*** Block opens ***

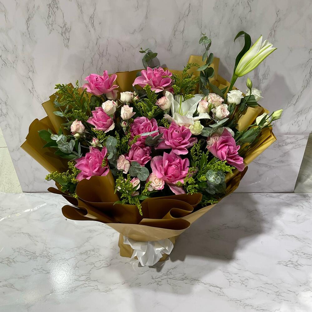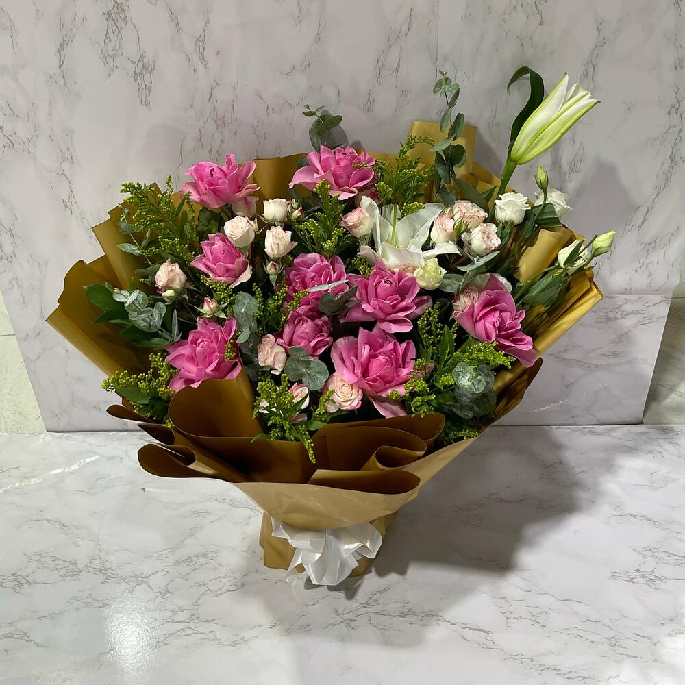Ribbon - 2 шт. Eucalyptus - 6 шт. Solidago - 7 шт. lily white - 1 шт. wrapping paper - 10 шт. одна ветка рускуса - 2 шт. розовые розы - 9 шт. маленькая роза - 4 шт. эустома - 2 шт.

*** Block closes ***
*** Block opens ***

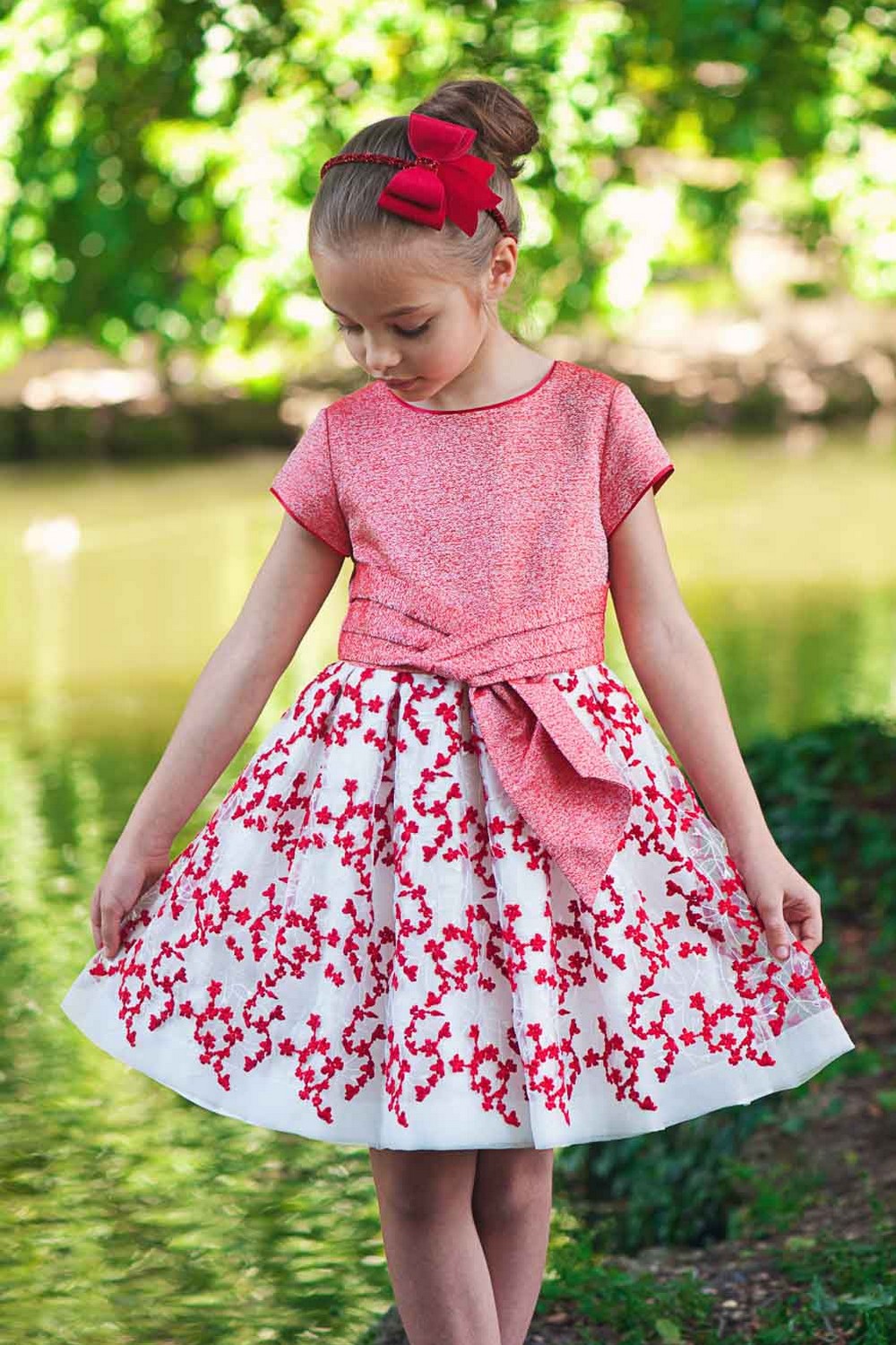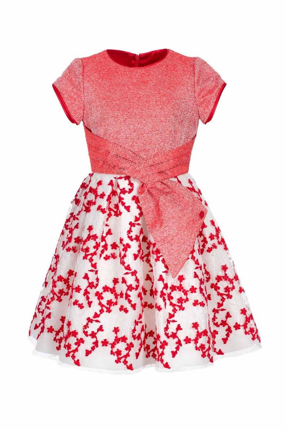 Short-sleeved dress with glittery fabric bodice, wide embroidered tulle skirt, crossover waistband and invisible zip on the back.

*** Block closes ***
*** Block opens ***

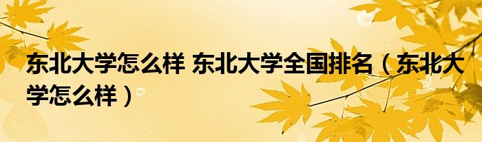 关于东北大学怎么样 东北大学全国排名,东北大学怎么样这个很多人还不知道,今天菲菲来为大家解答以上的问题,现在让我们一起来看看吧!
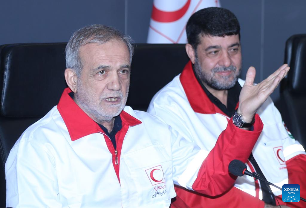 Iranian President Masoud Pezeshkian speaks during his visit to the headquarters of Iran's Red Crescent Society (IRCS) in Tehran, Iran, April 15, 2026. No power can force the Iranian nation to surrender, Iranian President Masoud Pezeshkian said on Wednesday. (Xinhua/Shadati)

*** Block closes ***

From the records above, extract the lines from the one holding "关于东北大学怎么样 东北大学" through the one holding "Iranian President Masoud Pezeshkian speaks", word for word; omit the pictures.

 关于东北大学怎么样 东北大学全国排名,东北大学怎么样这个很多人还不知道,今天菲菲来为大家解答以上的问题,现在让我们一起来看看吧!
 Iranian President Masoud Pezeshkian speaks during his visit to the headquarters of Iran's Red Crescent Society (IRCS) in Tehran, Iran, April 15, 2026. No power can force the Iranian nation to surrender, Iranian President Masoud Pezeshkian said on Wednesday. (Xinhua/Shadati)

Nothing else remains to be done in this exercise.